# Hypergeometric

• Mar 22nd 2011, 11:22 AM
dwsmith
Hypergeometric
From a box containing 5 white balls and 4 reds, two are randomly selected w/o replacement. Find

(a) Exactly 1 is white.
X number of white selected.
$P(X=1), \ N=9, \ k=5, \ n=2$

$\displaystyle p(1)=\frac{\binom{5}{1}\binom{4}{1}}{\binom{9}{2}} =\frac{5}{9}$

The book says the answer is 0.14. I don't know what I did wrong since what I have done seems correct.
• Mar 22nd 2011, 11:53 AM
dwsmith
I also have a question in regards to part (c).

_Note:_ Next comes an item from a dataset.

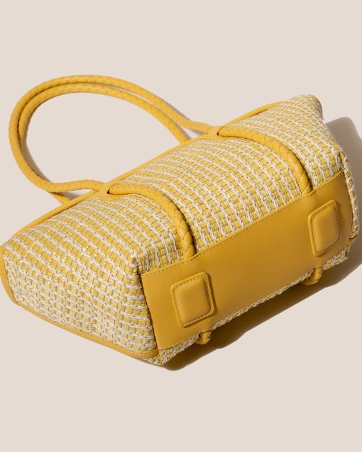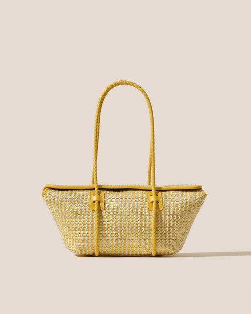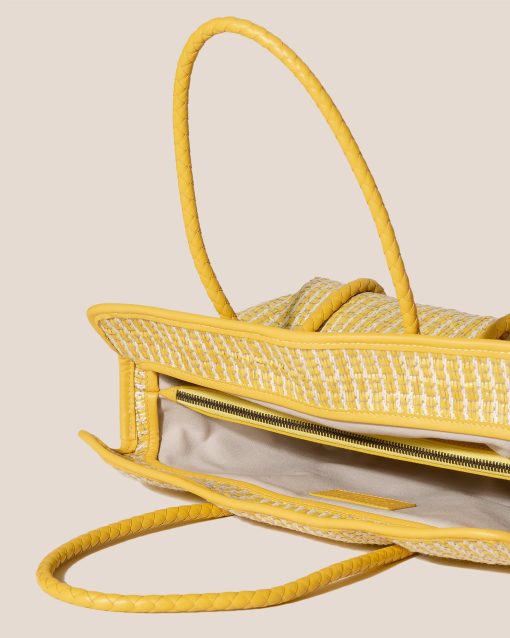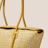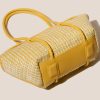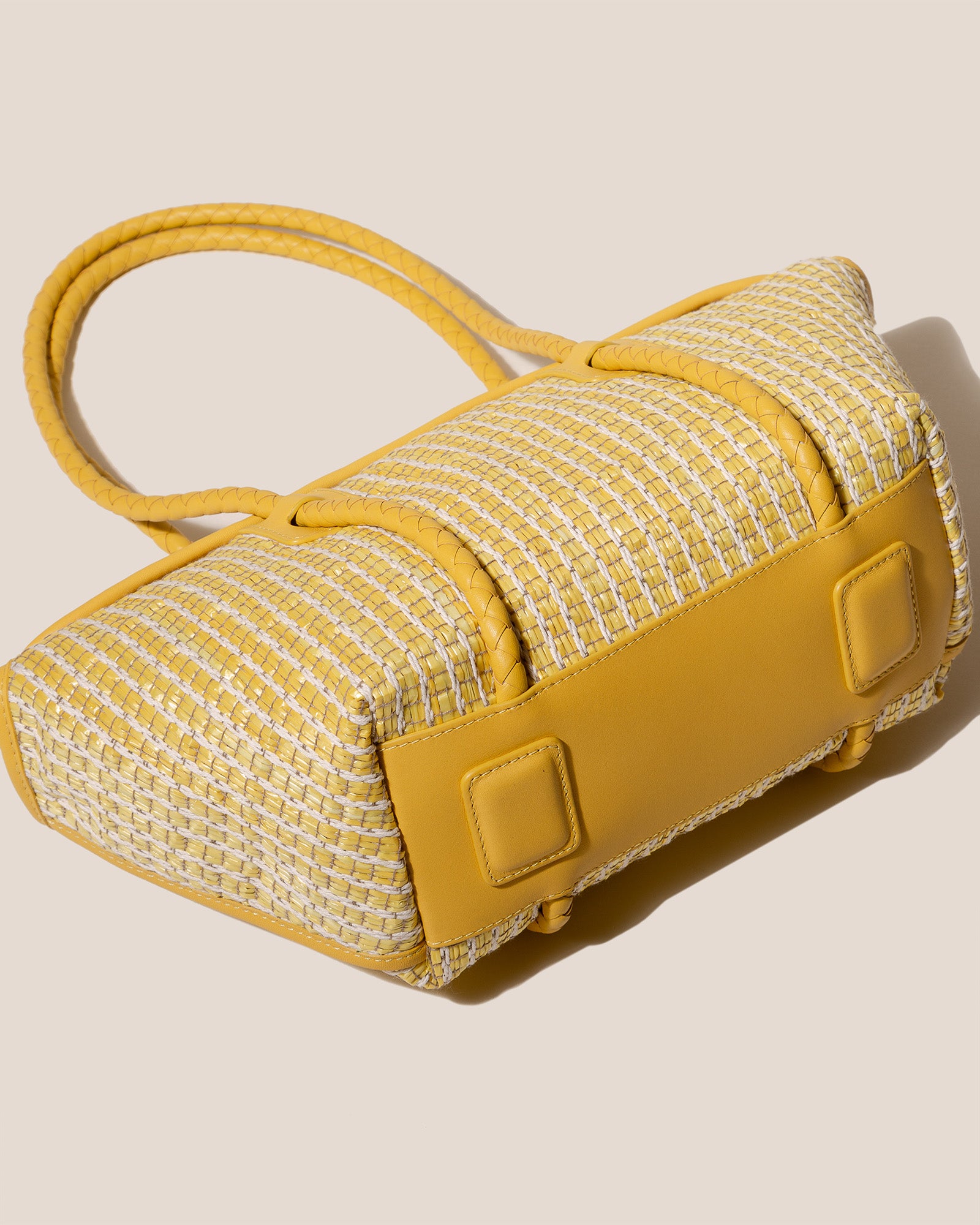 Leather-framed shoulder bag crafted from a blend of cotton and natural raffia, with braided smooth calf leather straps.

Two white balls are selected, given at least one white is selected.
$\displaystyle P(2W|\text{at least} \ 1W)=\frac{P(2W\cap \text{at least} \ 1W)}{\sum_{x=1}^2\frac{\binom{5}{x}\binom{4}{2-x}}{\binom{9}{2}}=\frac{5}{6}}$

I don't know how to determine that intersection.
• Mar 22nd 2011, 12:23 PM
Plato
Question: what does "w/replacement" mean?
Is it with replacement? Or without replacement?
• Mar 22nd 2011, 12:26 PM
dwsmith
Quote:

Originally Posted by Plato
Question: what does "w/replacement" mean?
Is it with replacement? Or without replacement?

I forgot the o. It shold be w/o=without
• Mar 22nd 2011, 12:46 PM
Plato
$P(\text{2W}\cap\text{at least one W})=P(\text{2W})$